While PEP-810 introduced a neat facility for lazy imports, it explicitly chose to omit any error handling, so codes that need to handle import errors must settle with either eager imports in try-excepts (and bear the cost of increased load times) or the workaround of lazily importing wrapper modules that handle import errors (and bear the cost of maintaining those small boilerplate modules that clutter up the repo).

This proposal aims to address the common use cases of handling import errors, which are needed more for lazy imports than for eager imports because it is more unrealistic to expect every first use of a lazy object to be wrapped in a try-except.

While there is already an ongoing discussion with a similar goal in Optional imports for optional dependencies, it focuses more on only one of the common use cases but not the several important others, so I believe a separate discussion is warranted for a more comprehensive solution.

As far as I can see, there are 4 common ways that an import error is handled:

  1. Import a simple drop-in replacement module:
try:
    import regex as re
except ImportError:
    import re
  1. Raise a custom exception:
try:
    import yaml
except ImportError:
    raise RuntimeError("Please install pyyaml.")
  1. Retry a failed import after resolving the issue:
try:
    import xlrd
except ImportError:
    os.system('pip install xlrd')
    import xlrd
  1. Import a mostly compatible replacement module that requires different initialization steps to produce the same set of names and flags (load_yaml and HAS_RUAMEL_YAML in the following example):
try:
    from ruamel.yaml import YAML
    load_yaml = YAML().load
    HAS_RUAMEL_YAML = True
except ImportError:
    from yaml import load as load_yaml
    HAS_RUAMEL_YAML = False

The Proposal

Introduce extended syntaxes for both eager and lazy imports that specify the behaviors upon anImportError.

Addressing the use cases listed above, the extended syntaxes below apply to both eager and lazy imports, in both import and from-import forms:

  1. Use [lazy] import <module 1> or <module 2> as <name> to specify a drop-in replacment for a failed import, e.g.:
lazy import regex or re as re
  1. Use [lazy] import <module> or raise <exception> to raise a custom exception on a failed import, e.g.:
lazy import yaml or raise RuntimeError("Please install pyyaml.")
  1. Use try [lazy] import <module> or: <suite> to specify a suite to perform on a failed import:
try lazy import xlrd or:
    os.system('pip install xlrd')
    import xlrd
  1. Use try [lazy] import <module 1> for <names>: <suite 1> to specify a suite to perform on a successful import in order to produce the names specified in the for clause, which, importantly for lazy imports, will become lazy objects that will trigger reification on access.

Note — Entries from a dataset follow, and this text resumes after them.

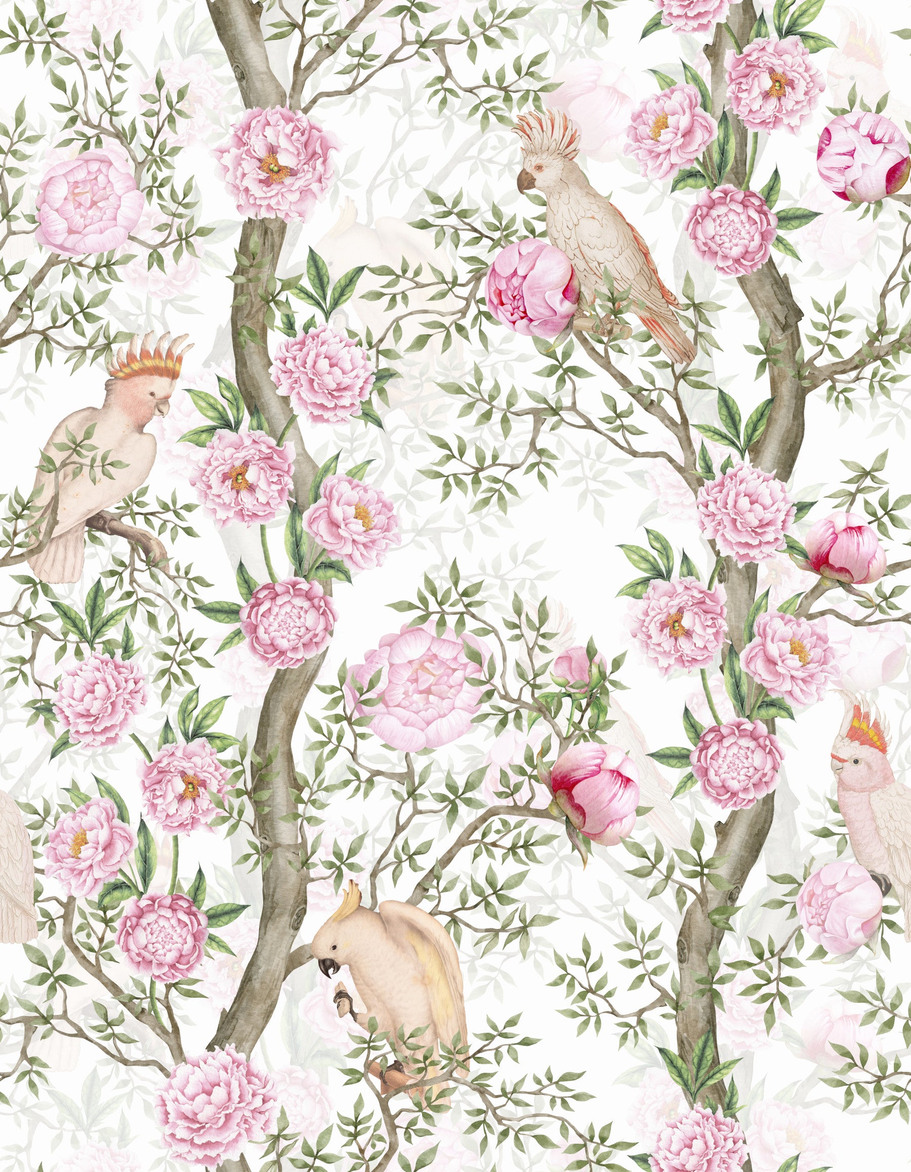 Fordyb dig i en verden af ​​delikat skønhed med dette tapet. Vandfarvemalede lyserøde pioner kaskade på tværs af designet, hvor deres bløde kronblade skaber en romantisk og æterisk atmosfære. Behagelige cockatoos gengives delikat midt i blomsterne og tilføjer et strejf af eksotisk charme. Det sømløse mønster giver en følelse af kontinuitet, ideel til større rum såsom stuer eller gange. De bløde, dæmpede toner af lyserød og grøn skaber en beroligende og sofistikeret æstetisk.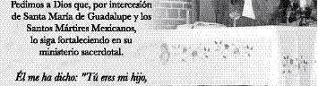 Y si podemos rezar el Rosario, hagámoslo y pongamos como Mediadora a la Virgen, a la Madre del Señor, a la que no le niega nada. Asimismo, debemos pedirle a nuestra Patrona particular, la Virgen Santísima de Guadalupe, quien escogió este pueblo como suyo, y a la cual reconocemos como nuestra Reina y veneramos como Madre… oremos para que Ella se encargue de arreglar lo que nosotros no hemos podido hacer.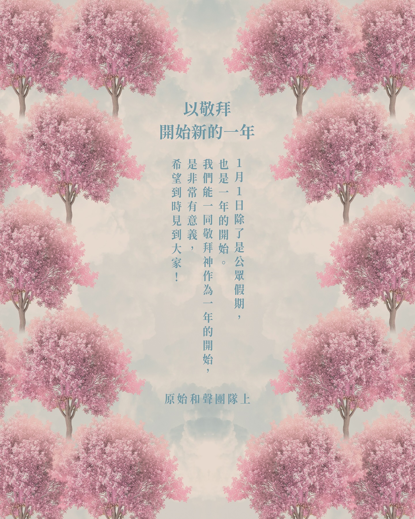 由原始和聲 (Raw Harmony) 主辦,敬拜音樂會 Worship Live 以「無有」為主題,並首次在伊利沙伯體育館舉行,邀請了專業的舞台與幕後製作團隊共同合作,從視覺效果、舞台設計到音樂編排,都採用了全新的方式來呈現這場敬拜音樂會的主題,約兩小時的敬拜,新歌與舊詩歌,一月一日,以敬拜開始新一年,邀請您前來一同敬拜。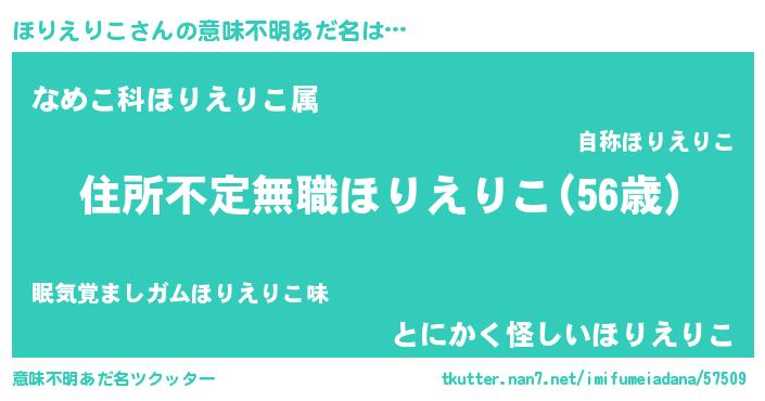 | ヘコむあだ名 | 『ほりっ子』『ほりえりこ(遠い目)』 |
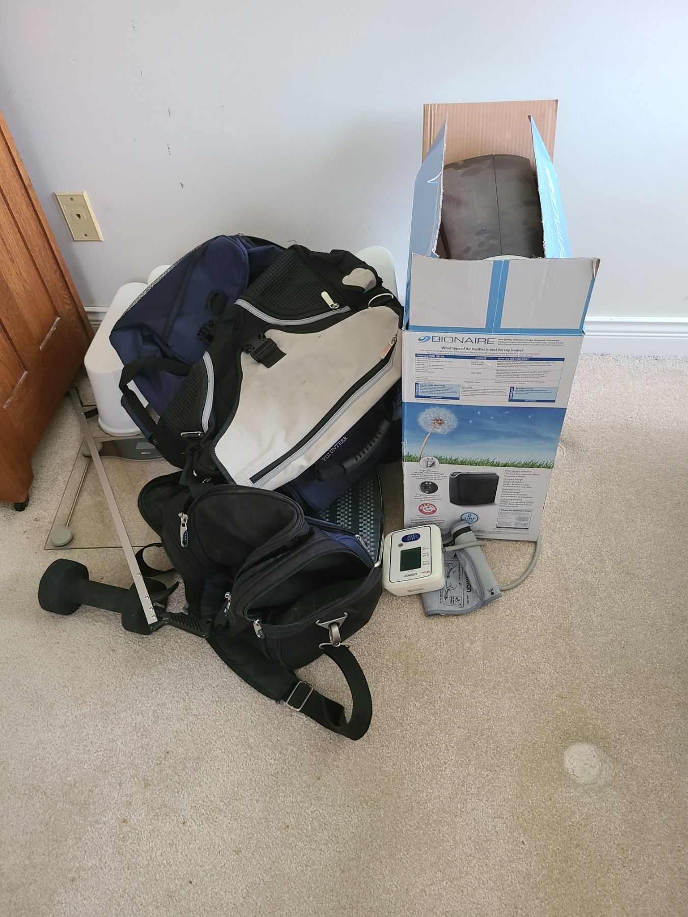 Lot includes scales, blood pressure cuff, Bionaire allergen remover, squatting potties, and more. Bring packing supplies. Pickup at 9 am.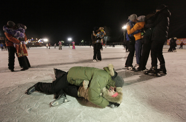 Couples compete during the "Kiss on the Ice" contest to share the longest kiss in Russia's Siberian city of Krasnoyarsk on February 13. Photo Credit: Ilya Naymushin/Reuters.
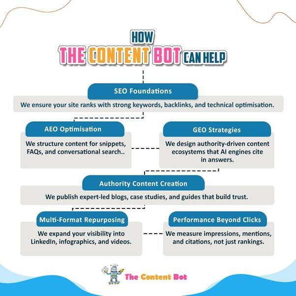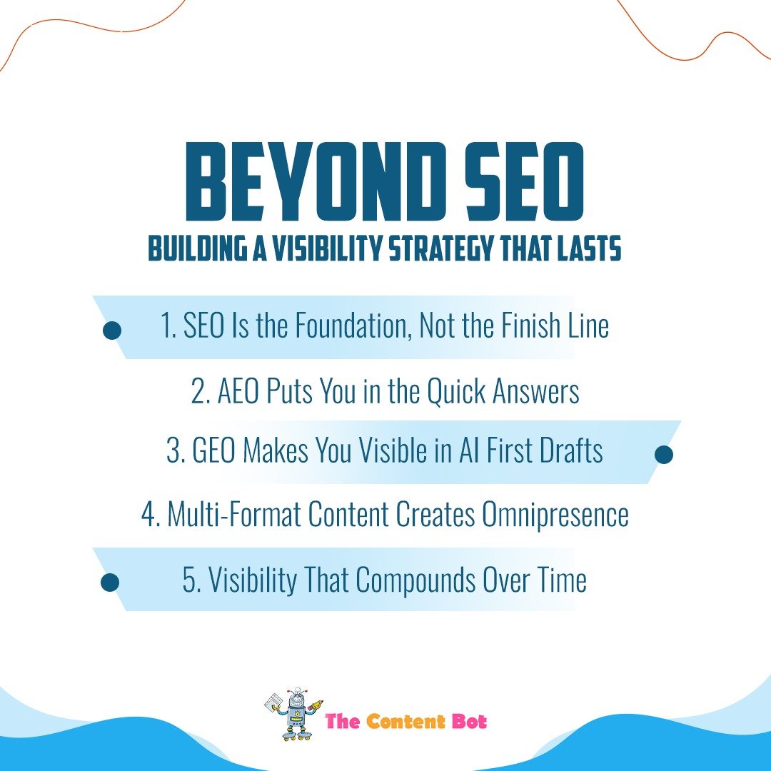 SEO is still critical but it’s no longer enough. In the AI era, businesses must layer SEO with AEO and GEO, while building authority and multi-format visibility. This is how you stay relevant, credible, and discoverable long-term. At The Content Bot, we design visibility strategies that don’t just win rankings they build trust that lasts.
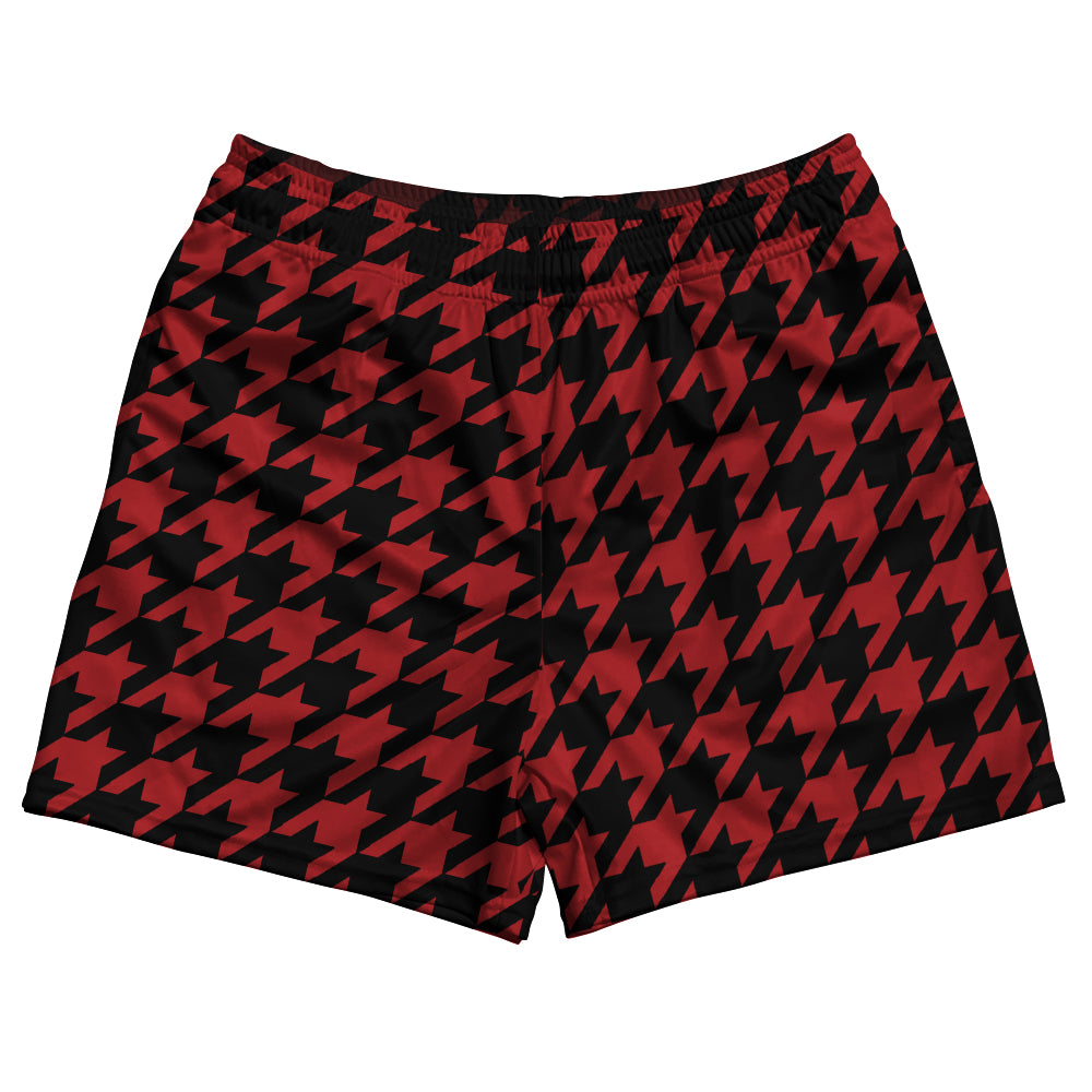 - Red Dark And Black Houndstooth Rugby Shorts Made In USA

An optional clause of or import <module 2>: <suite 2> specifies an alternative import and initialization steps upon a previous import failure in order to produce the same names. And an optional clause of else: <suite 3> specifies what to do when all the previous import clauses fail. An ImportError should be raised if an import clause succeeds but does not produce all of the names specified in the for clause. For example:
try lazy from ruamel.yaml import YAML for load_yaml, HAS_RUAMEL_YAML:
    load_yaml = YAML().load
    HAS_RUAMEL_YAML = True
or from yaml import load as load_yaml:
    HAS_RUAMEL_YAML = False
else:
    raise RuntimeError('No YAML loader installed.')

assert load_yaml('key: value') == {'key': 'value'}

This is just a rough idea so far and I’d like to hear some preliminary feedbacks from the community before I proceed to formalize the syntaxes and semantics.

1 Like

Using the lazy keyword for something which isn’t fully lazy (it must, at a minimum, find the module’s spec to determine if the module to import is present) seems like it will cause a lot of confusion.

Also, what is the sudden rush here? The status quo has been fine[1] for many years now. And lazy imports won’t be available until Python 3.15. Can we not wait until users have had at least one release with lazy import syntax available before proposing yet more changes to the import statement syntax?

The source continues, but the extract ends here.